The recent introduction of PET/MR scanners goes along with high expectations of a new, powerful multimodality imaging tool (1–4). The skeletal system is frequently involved in metastatic disease, and early detection of bone metastases has an important impact on patient management, disease outcome, and quality of life (5). For bone lesions, the higher soft-tissue contrast of MR has proven to be more sensitive than CT for the early detection of bone marrow pathologies (6,7). Thus, PET/MR is expected to yield advantages for detecting and delineating bone metastases and primary bone tumors.

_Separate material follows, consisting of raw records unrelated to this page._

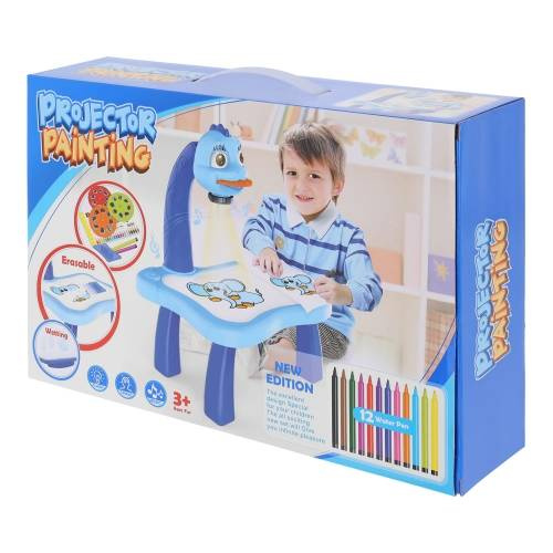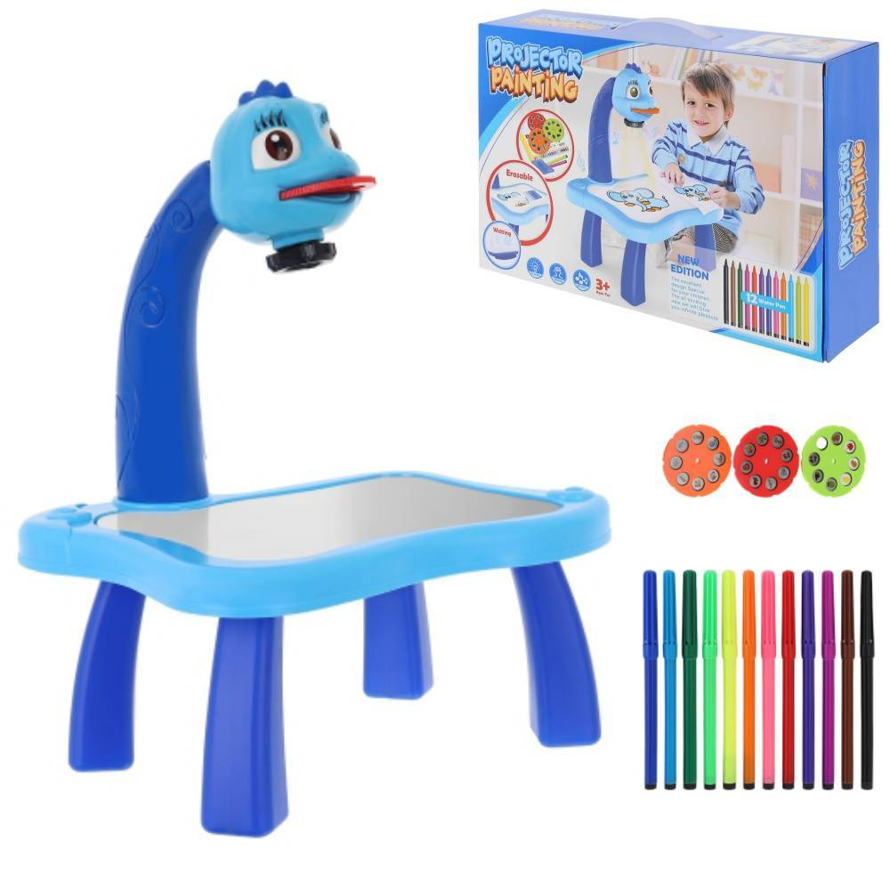 Projektor rzutnik do nauki rysowania dla dzieci 24 wzory stoliczek pisaki niebieski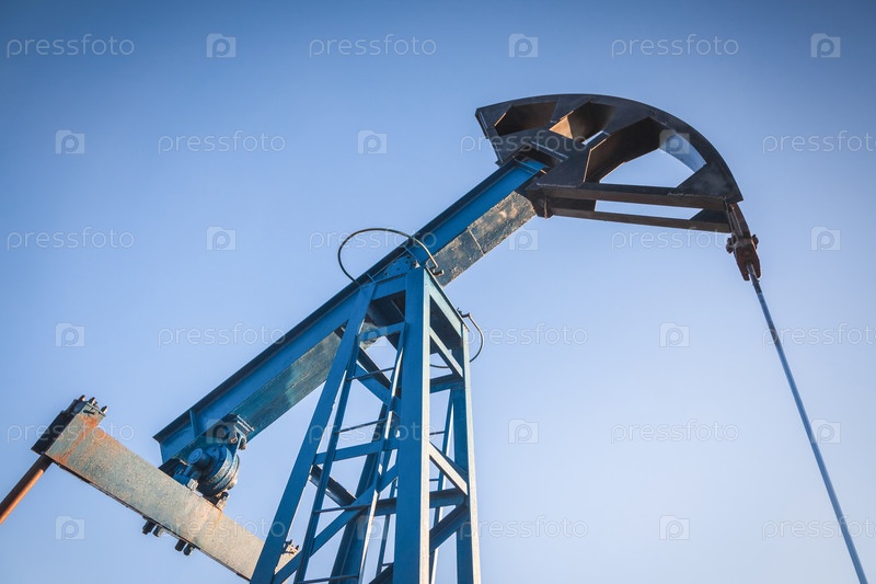 Масляный насос на фоне голубого неба и утреннего солнца, солнечные блики на масляном насосе
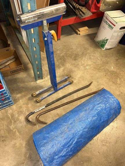 LOT 1115 - Pair of wrecking bars, roller stand, and tarp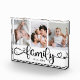 Modern custom photo collage block with space for 3 photos surrounding a trendy swirly script reading FAMILY and your custom name below.

First data using a whole-body fully integrated PET/MR scanner indicated that the performance of PET with this system is generally equivalent to PET/CT (2). However, these initial results were not focused specifically on bone lesions. Moreover, the results of this former study were based on the comparison of low-dose CT and a low-resolution T1-weighted Dixon volumetric interpolated breath-hold examination (VIBE) sequence used for attenuation correction. However, in clinical practice, radiologists mainly use T1-weighted spin-echo sequences to demonstrate the replacement of fatty marrow by infiltration of tumor cells (8,9). T1-weighted spin-echo sequences usually have a higher in-plane resolution and provide a better visualization of bone marrow and bone lesions than the T1-weighted Dixon VIBE sequence used for attenuation correction in PET/MR.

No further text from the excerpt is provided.